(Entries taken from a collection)
◇ ◇ ◇
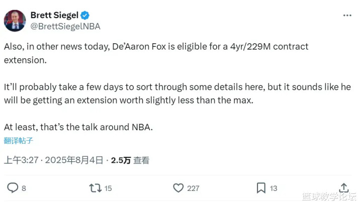 北京时间8月4日,ClutchPoints记者Brett Siegel报道,从今天开始,福克斯有资格和马刺签下4年2.29亿美元的提前续约合同。双方有意达成提前续约,需要几天的时间探讨合同细节。福克斯可能会让步,以略低于这个价格续约。
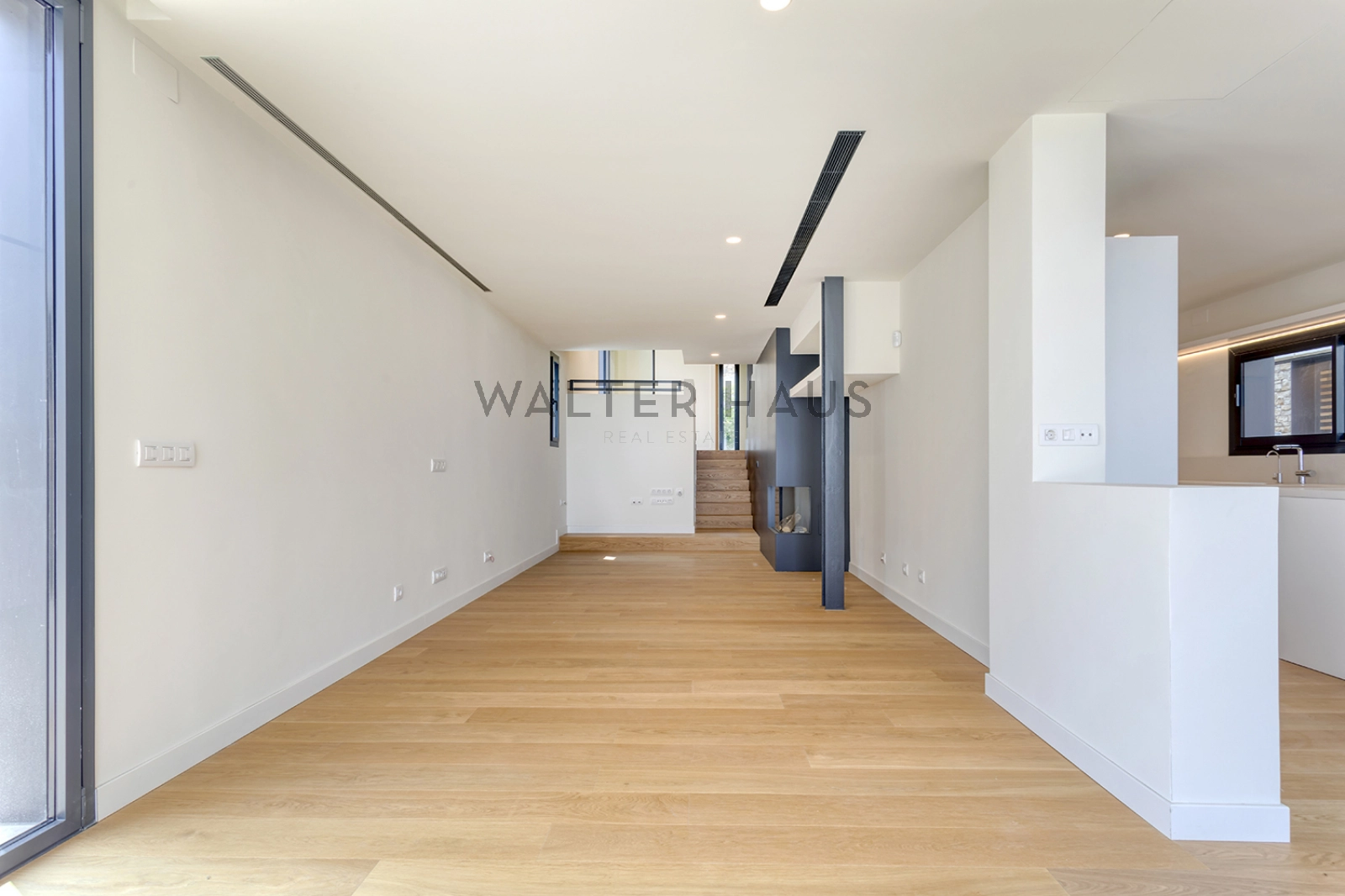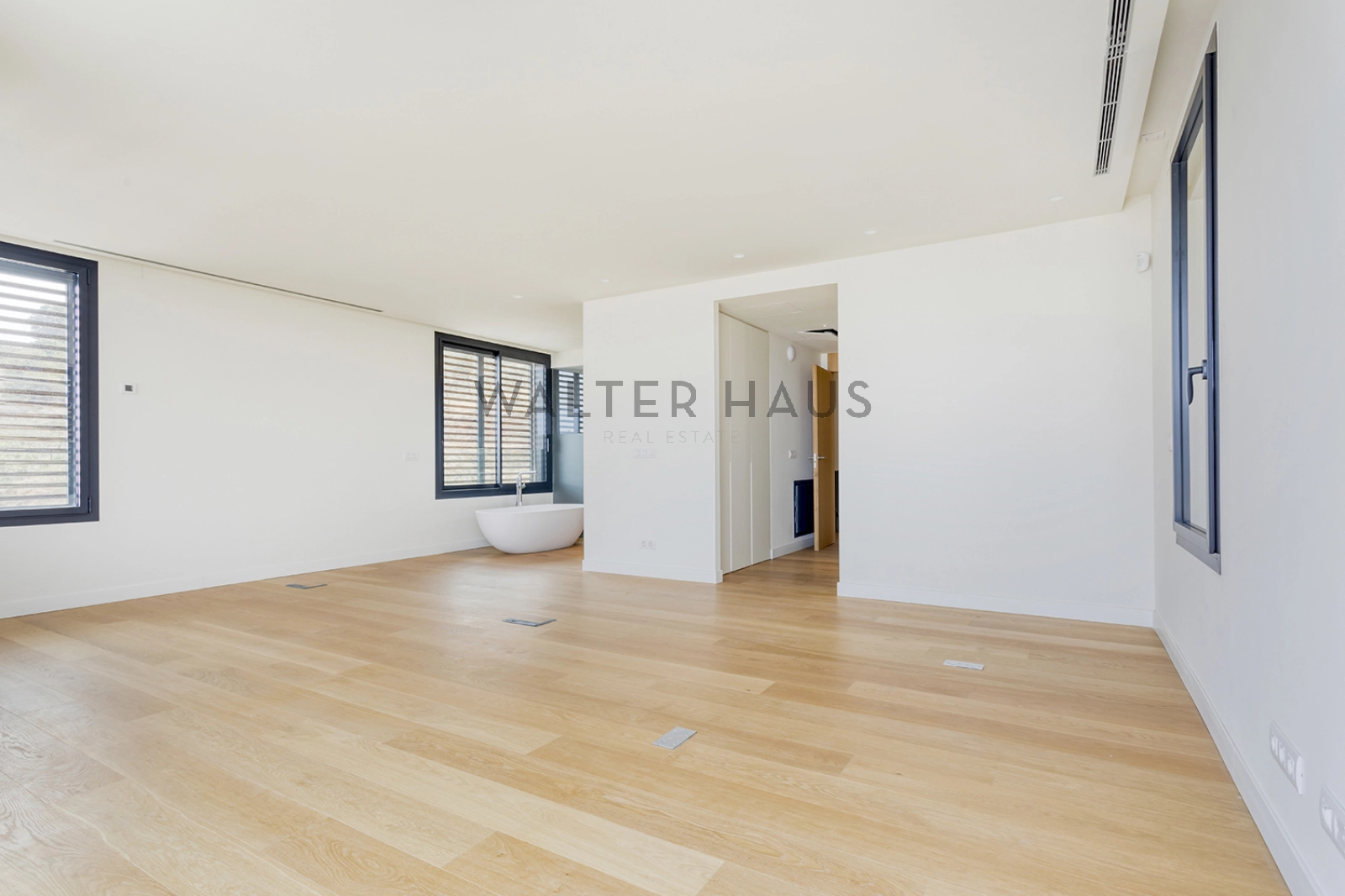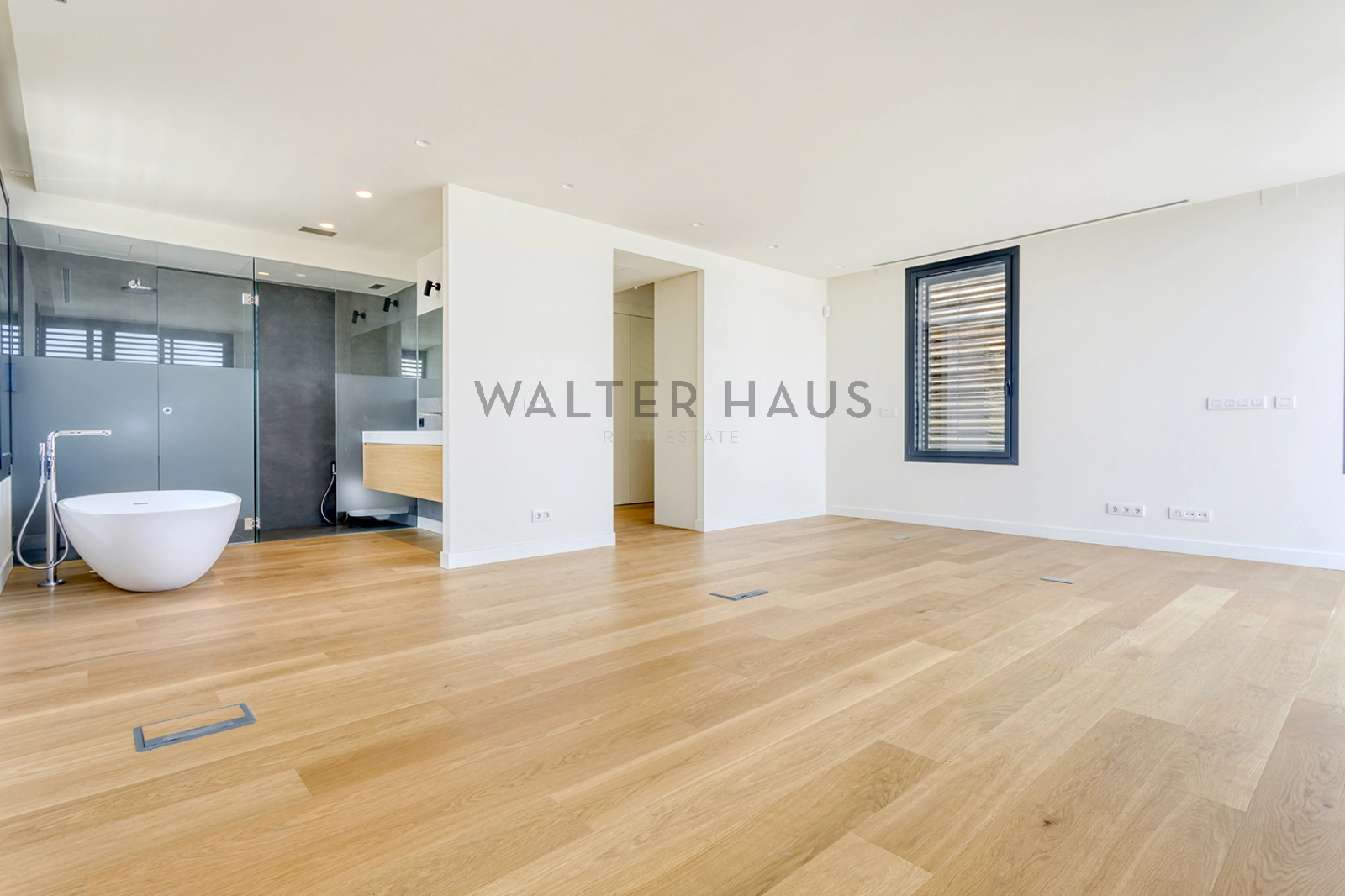 Con su estructura de hormigón, encontramos una mezcla de piedra natural, grandes ventanales y contraventanas correderas de madera que nos permiten jugar con la luz. En el suelo tenemos un parquet natural de roble, con calefacción radiante. La casa también tiene aire acondicionado y carpintería de aluminio de máxima calidad.
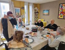 Les participants se sont réunis autour de la table afin de prendre le repas ensemble. Ce format en petit groupe a permis aux résidents de manger autrement que dans le cadre habituel, tout en étant entourés de personnes différentes. Chacun a ainsi pu prendre la parole plus facilement, aborder divers sujets, évoquer des souvenirs, raconter des anecdotes ou simplement écouter les autres.
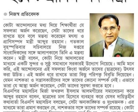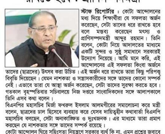 আলোকিত বাংলাদেশ, ২৬ জুলাই ২০২৪, আন্দোলনের সফলতা শিক্ষার্থীদের ধরে রাখতে হবে : প্রাণিসম্পদ মন্ত্রী
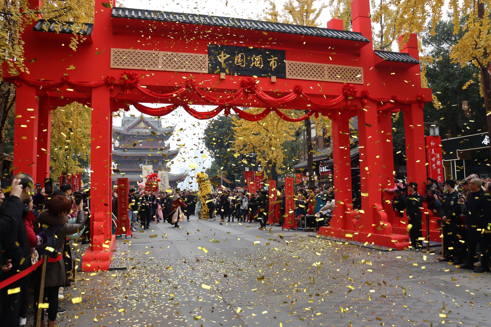 12月18日上午,宜宾冠英古街,在长江纤夫的川江号子中,红绸落下,宜宾新的文化地标“中国酒市”正式开市。
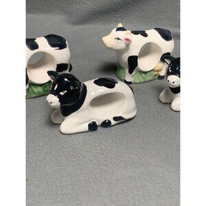 Cow Napkin Holder Ring Set of 4 Ceramic Vintage Farmhouse Decor
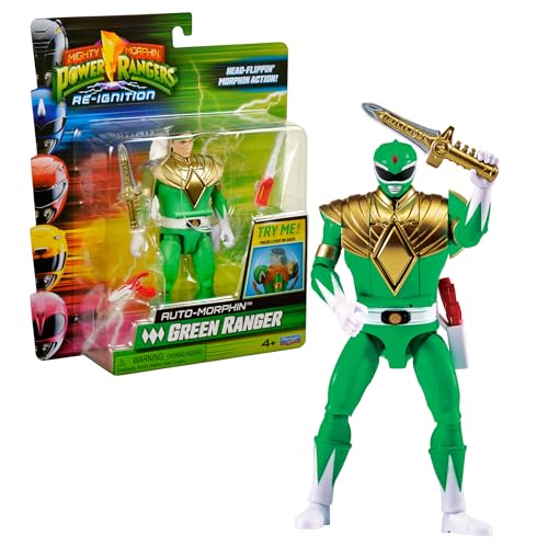 Power Ranger - Auto-Morphin, Figurine articulée 2-en-1, 15 cm, Ranger Vert - Tommy, pour Les Enfants dès 4 Ans, PWG08
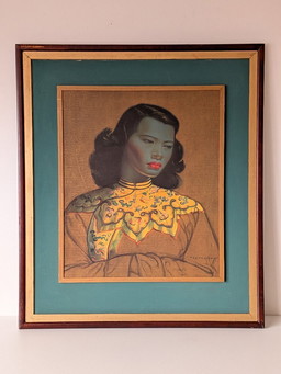 Vintage, handbemaltes Holztablett, 43 x 43 x 8 cm
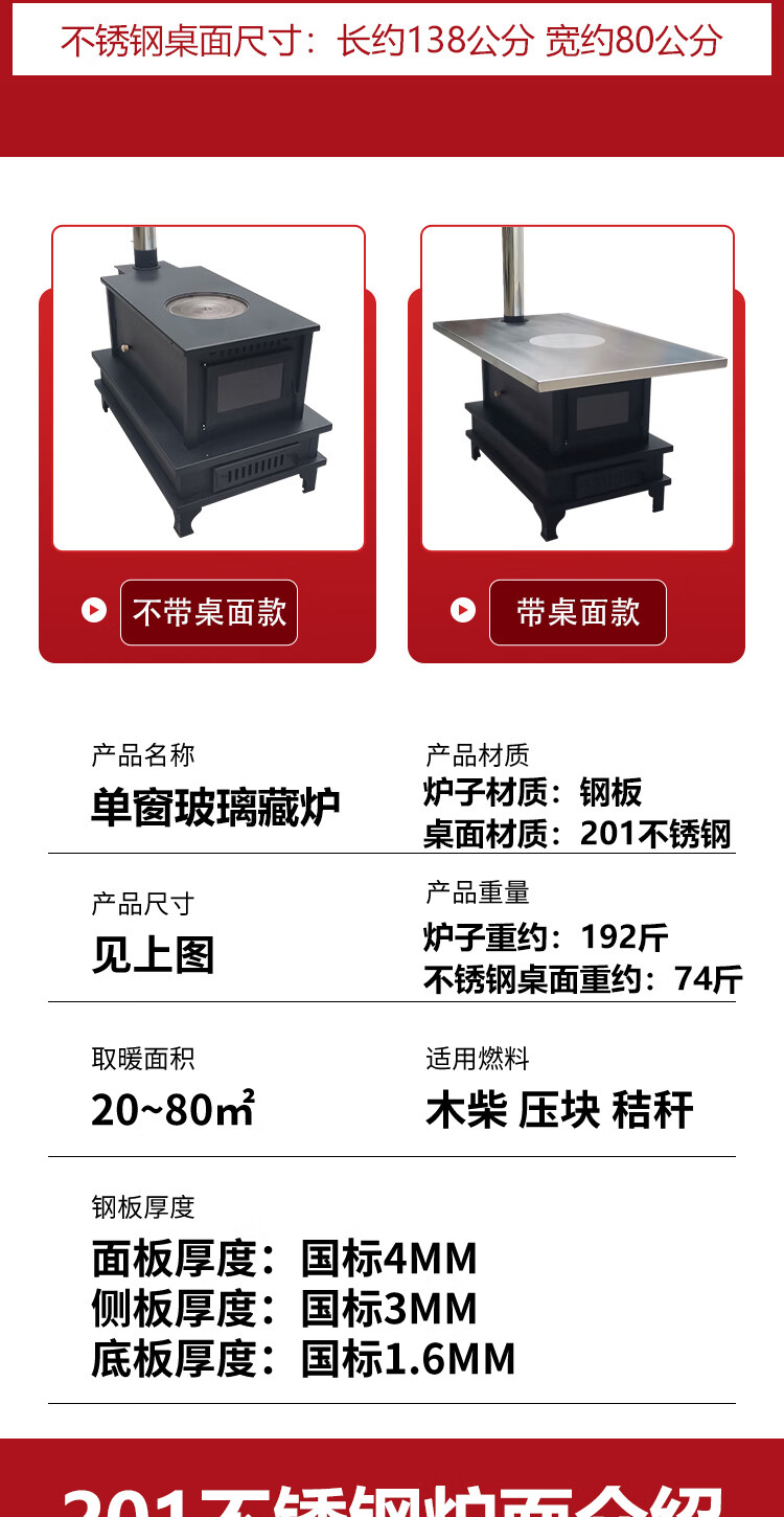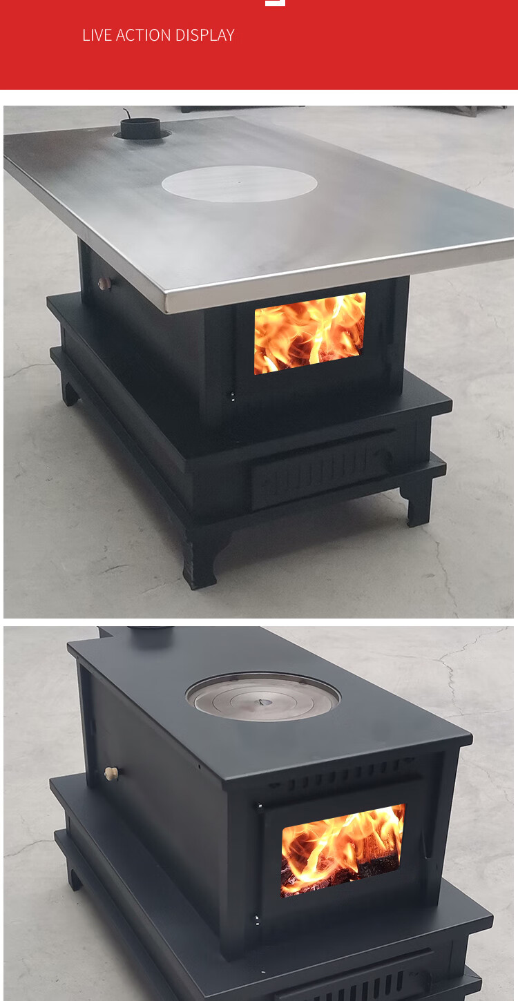 铁匠哥藏式柴火炉茶几围炉煮茶烤火炉子家用不锈钢室内柴火灶取暖炉烧柴 单面玻璃款--带桌面
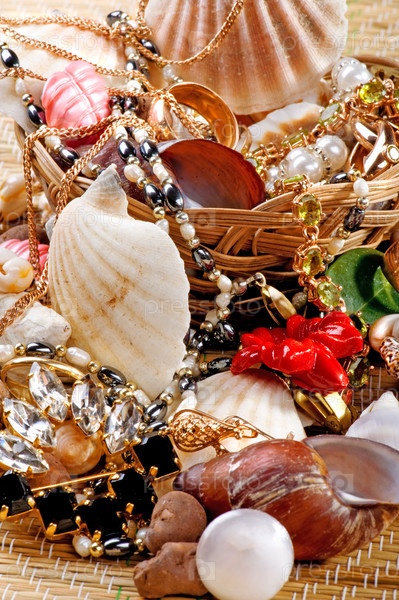 Морские ракушки с ювелирными украшениями на тростниковой циновке
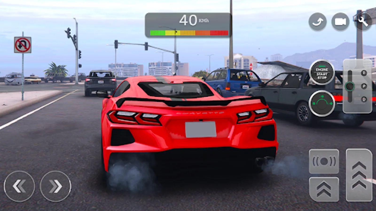Experience city racing in the Chevrolet Corvette C8 car driving simulator. Enjoy the thrill of driving fast American sports cars, like the Corvette C8 and C7, and complete tasks like parking and drift. Test your skills in drag racing and hyper drift missions, and use nitro boost when needed. Improve your driving skills and unlock new modern American cars like the Camaro and Charger. With stunning graphics and realistic sound effects, this simulator offers an adrenaline-pumping driving experience.
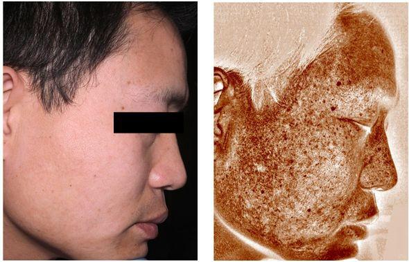 案例4:这位顾客的皮肤肉眼看是比较干净的,但通过皮肤检测仪的检测可以清晰的看到皮肤底层有黄褐斑的存在
◇ ◇ ◇
* What you will do: Exactly as written, repeat the lines from the beginning of the entries up to and including the line with "Con su estructura", but not the pictures.

* Problem solution:
 北京时间8月4日,ClutchPoints记者Brett Siegel报道,从今天开始,福克斯有资格和马刺签下4年2.29亿美元的提前续约合同。双方有意达成提前续约,需要几天的时间探讨合同细节。福克斯可能会让步,以略低于这个价格续约。
 Con su estructura de hormigón, encontramos una mezcla de piedra natural, grandes ventanales y contraventanas correderas de madera que nos permiten jugar con la luz. En el suelo tenemos un parquet natural de roble, con calefacción radiante. La casa también tiene aire acondicionado y carpintería de aluminio de máxima calidad.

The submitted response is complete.